Data shown >>
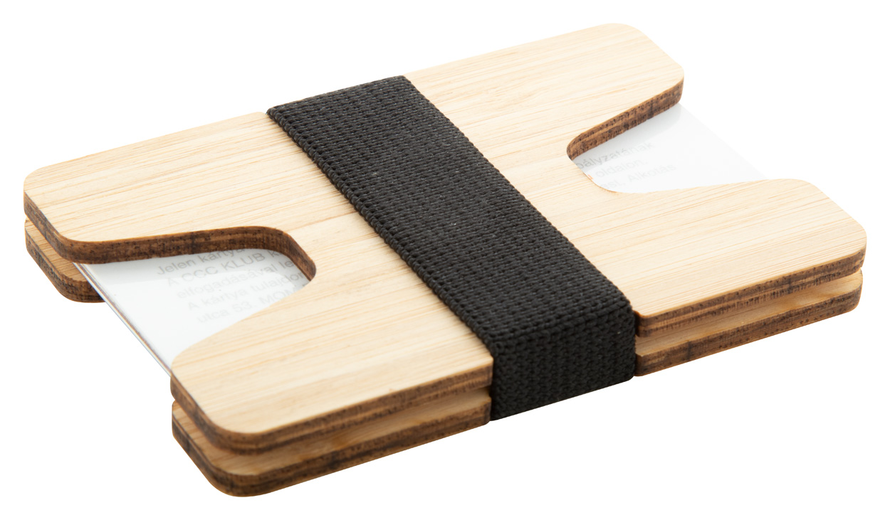 Kartenhalter aus Bambussperrholz, mit Gummiband.
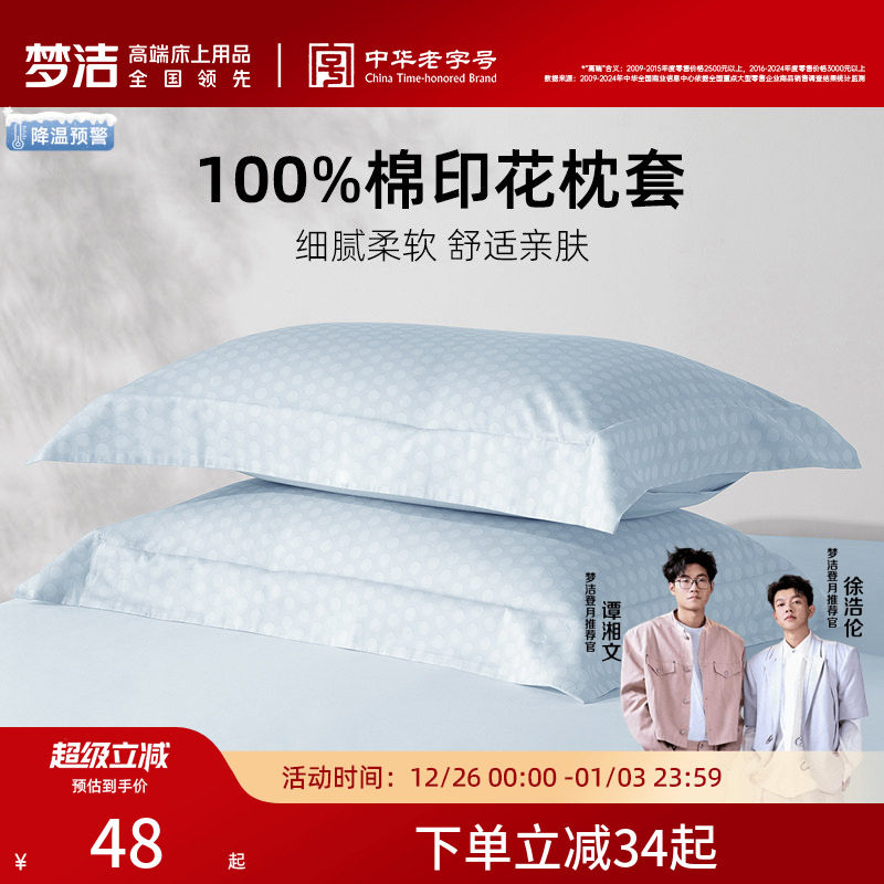 梦洁家纺枕套2025新款纯棉全棉夏季学生宿舍枕头套单双一对装散件
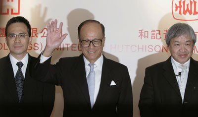 (L-R) Cheung Kong Holdings Deputy-Chairman and Managing Director Victor Li, Hutchison Whampoa Limited and Cheung Kong Holdings Chairman Li Ka-shing and Hutchison Whampoa Group Managing Director Canning Fok attend a news conference following an annual general meeting in Hong Kong May 17, 2007. [Reuters]
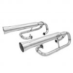 Dual style exhaust features great looks and maximum horsepower. Slip-joints allow for easy installation. Available in chrome, black or ceramic coated. With or without Muffler Inserts. Eliminates heater boxes. Fits 1200-1600cc engines
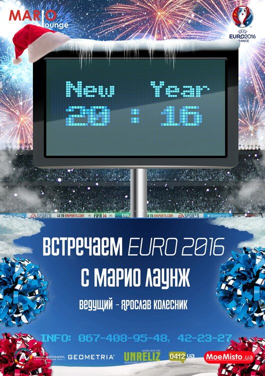 Мы решили посвятить Новогоднюю ночь выходу нашей сборной по футболу на Чемпионат Европы! Яркие украшения, девушки - группа поддержки, тематические конкурсы, сюрпризы и подарки и просто незабываемая ночь – все это ждет Вас в Марио Лаунж 31 декабря! Гостей которые захватят с собой футбольную атрибутику – будь то шарф или свисток – мы не оставим без подарка!
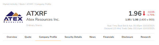1、Atex Resources Inc. (OTCQB: ATXRF)
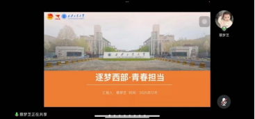 接着,蔡梦芝同学进行了“逐梦西部·青春担当”主题汇报。蔡梦芝同学结合参与西部计划的经历,分享了青年学子在乡村振兴、基层服务中“用脚步丈量土地,用行动诠释担当”的生动故事,呼应了“青春向党、强国有我”的时代号召,引发同学们对“何为青春担当”的深度思考。
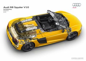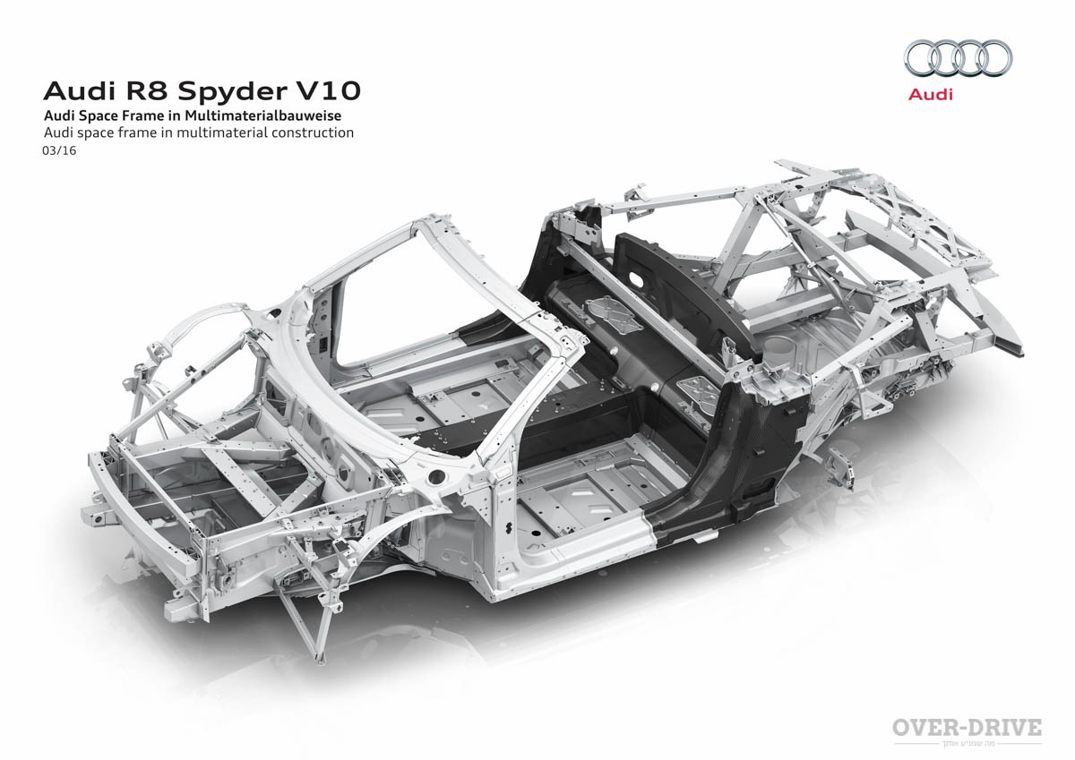 ה-R8 מכילה בתוכה בעיקר אלומיניום וקרבון – חומרים קלים וחזקים – במטרה להשיג קשיחות מבנית טובה (שתמיד בעייתית בלי גג) לצד משקל נמוך. לפי הנתונים ה-R8 ספיידר החדשה קלה יותר מקודמתה ב-113 ק"ג ומשיגה שיפור של 50 אחוזים בעמידות נגד פיתול. המשקל הכולל של הספיידר עומד על 1612 ק"ג, כבדה יותר ב-125 ק"ג מגרסת הקופה – על הפוזה צריך לשלם.
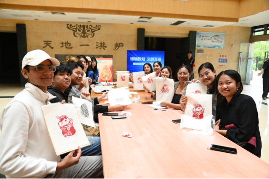 随后,湖北美术公司教师现场教授非遗技艺——版画制作,职工亲手体验传统工艺的匠心之美和品味传统艺术瑰宝背后的深邃文化基因。一幅幅融合创意的作品跃然纸上,成为文化交融的生动见证。非遗技艺体验中,职工们惊叹于中国非遗技艺的精妙,中外青年从历史探讨到艺术创作,打破语言与文化的壁垒,结下真挚友谊。
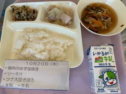 ごはん・牛乳・鶏肉のゆず塩焼き・ソーキ汁・ツナ大豆そぼろ
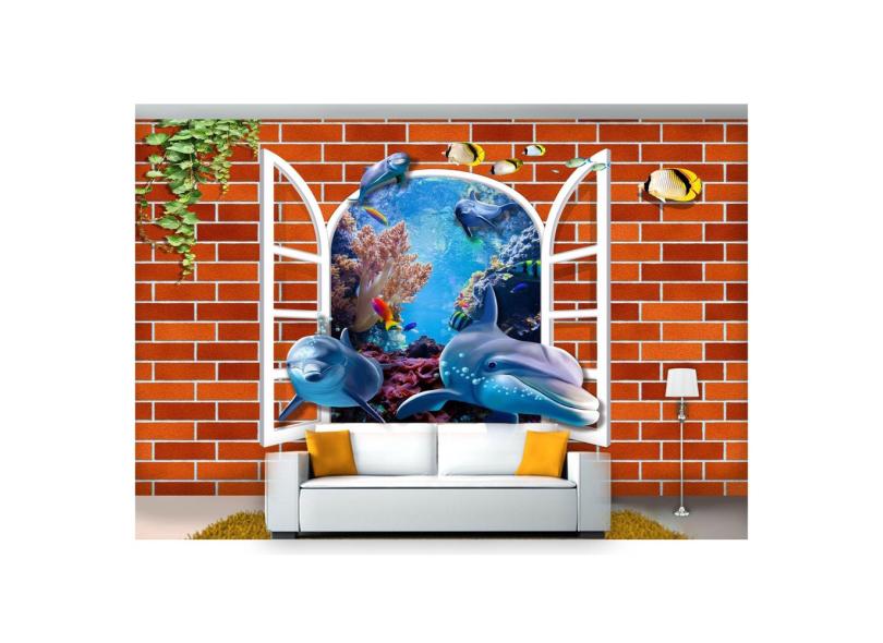 Papel De Parede Golfinhos Janela Vida Mar 3D Fm105
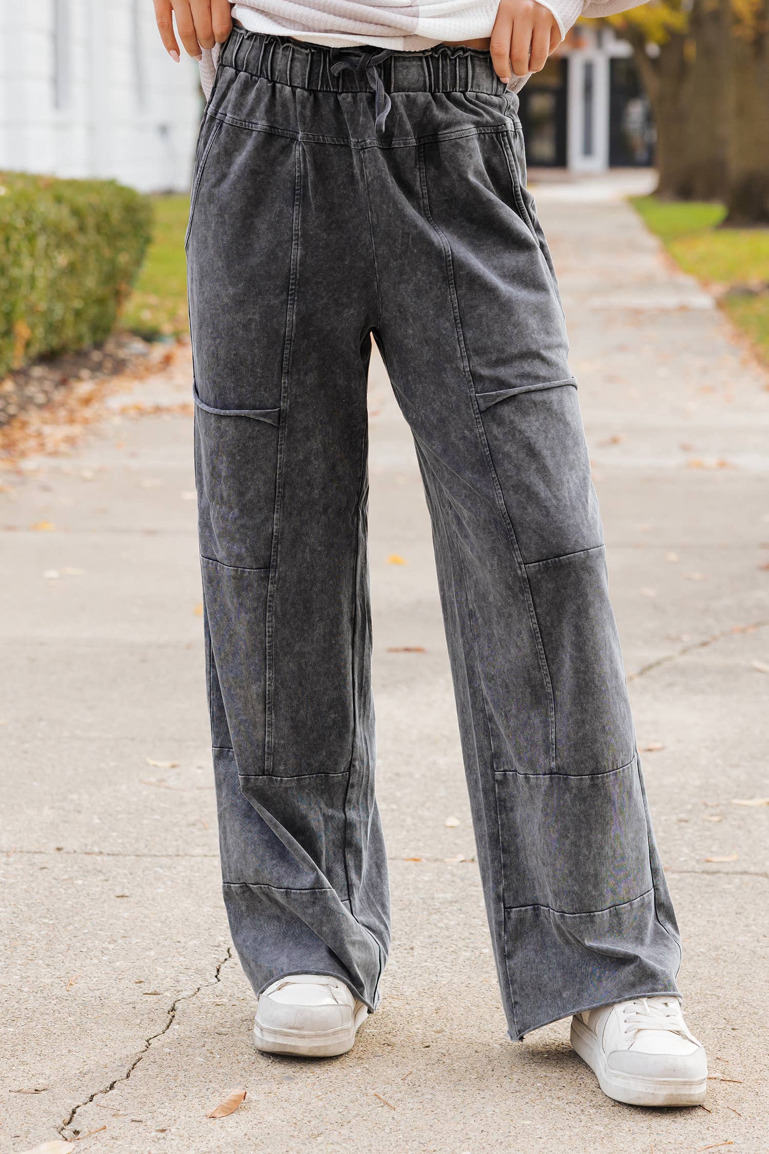 Cotton Stonewash Patch Wide Leg Cargo Pant D1239

Exercise directions >>
Above are records; repeat only the lines from the line with "梦洁家纺枕套2025新款纯棉全棉夏季学生宿舍枕头套单双一对装散件" through the line with "(L-R) Cheung Kong", and leave pictures out.

Result of this task >>
 梦洁家纺枕套2025新款纯棉全棉夏季学生宿舍枕头套单双一对装散件
 (L-R) Cheung Kong Holdings Deputy-Chairman and Managing Director Victor Li, Hutchison Whampoa Limited and Cheung Kong Holdings Chairman Li Ka-shing and Hutchison Whampoa Group Managing Director Canning Fok attend a news conference following an annual general meeting in Hong Kong May 17, 2007. [Reuters]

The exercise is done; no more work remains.